The Stairs Start at the Second Floor

For several years, I’ve been telling a story about how it used to be that someone could start working for a power company as a meter reader and eventually work their way up to CEO. Being a meter reader is a lousy job—out in the weather with dogs biting your ankles—but if you stuck it out, you might get picked for a company training program, be promoted to power line technician, eventually become an engineer, and maybe move into management. In this version of the American Dream, there was a route from the bottom to the top through company-sponsored training and education. According to the story I told, someone invented electric meters that read themselves and now the entry-level job is as a technician and requires skills typically developed beyond high school. People without skills can move up—people without them remain stuck at the bottom.

The New York Times just published a compelling story by Neil Irwin that validates and updates my story by contrasting the experience of two women. One worked for Eastman Kodak as a janitor in the 1980s and worked her way up to chief technology officer for the company. The other works today as a janitor at Apple, but she is a contractor with no opportunity to work her way up at Apple, or really, anywhere else.

This is a familiar story about how the gig economy is widening the opportunity gap between those with and those without post-high school skills. We can bemoan it as an example of corporate heartlessness, and I wouldn’t disagree—although, as the article points out, look at the relative positions of Kodak and Apple today before passing judgment too harshly. Still, some companies continue to offer their workers opportunities to gain postsecondary skills, and many more should do so.

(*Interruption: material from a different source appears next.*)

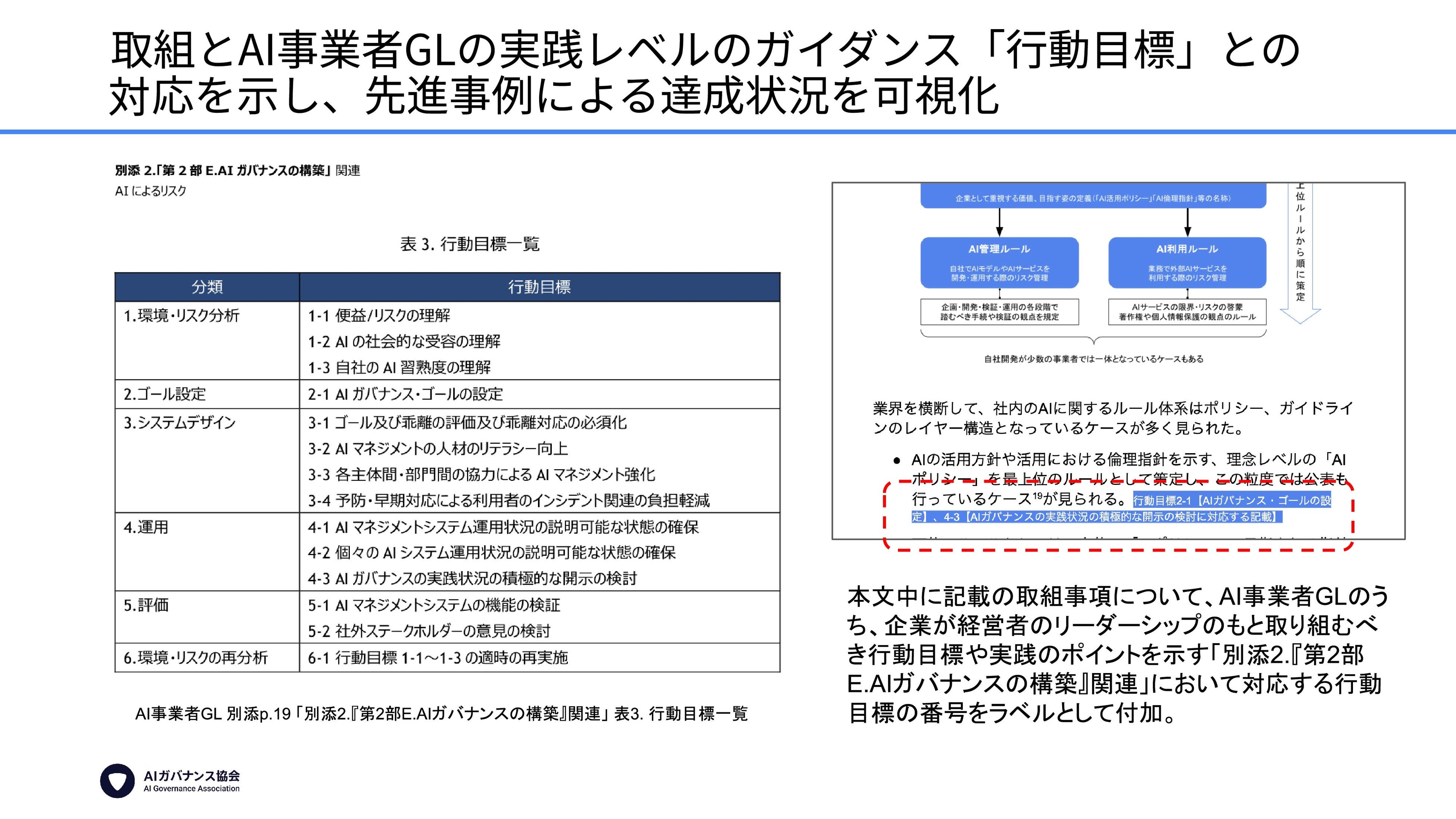 ワーキングペーパーの執筆にあたっては、AIGA会員による先進的な取組の達成状況や、課題も含めた今後の展望について、「AI事業者ガイドライン(第1.0版)」の「別添2.『第2部E.AIガバナンスの構築』関連」における行動目標への対応状況も明示しつつ整理を行いました。これにより、現時点での企業によるAIガバナンス実践の具体的な手がかりや、業界を横断した共通の課題感について官民横断での共通理解の醸成に資することを目指しています。

Whatever else must be done, this story certainly underlines why so many need and want postsecondary credentials to gain the opportunities that come with them.

But there is another conclusion to draw from this story about people stuck at the bottom. It’s that the examples of the power company and Kodak prove many people in entry-level jobs can do much more and we should never write them off. The simple fact is we don’t have a comprehensive national system to assure all working adults can obtain the postsecondary skills and credentials they—and the nation—need. Consider the long-term consequences of denying millions of Americans any realistic way to advance. Consider the talent we are wasting. I honestly believe there is no more urgent task facing our nation than to build a system that helps Americans gain the skills to go as far as their desire, effort, and talent can take them.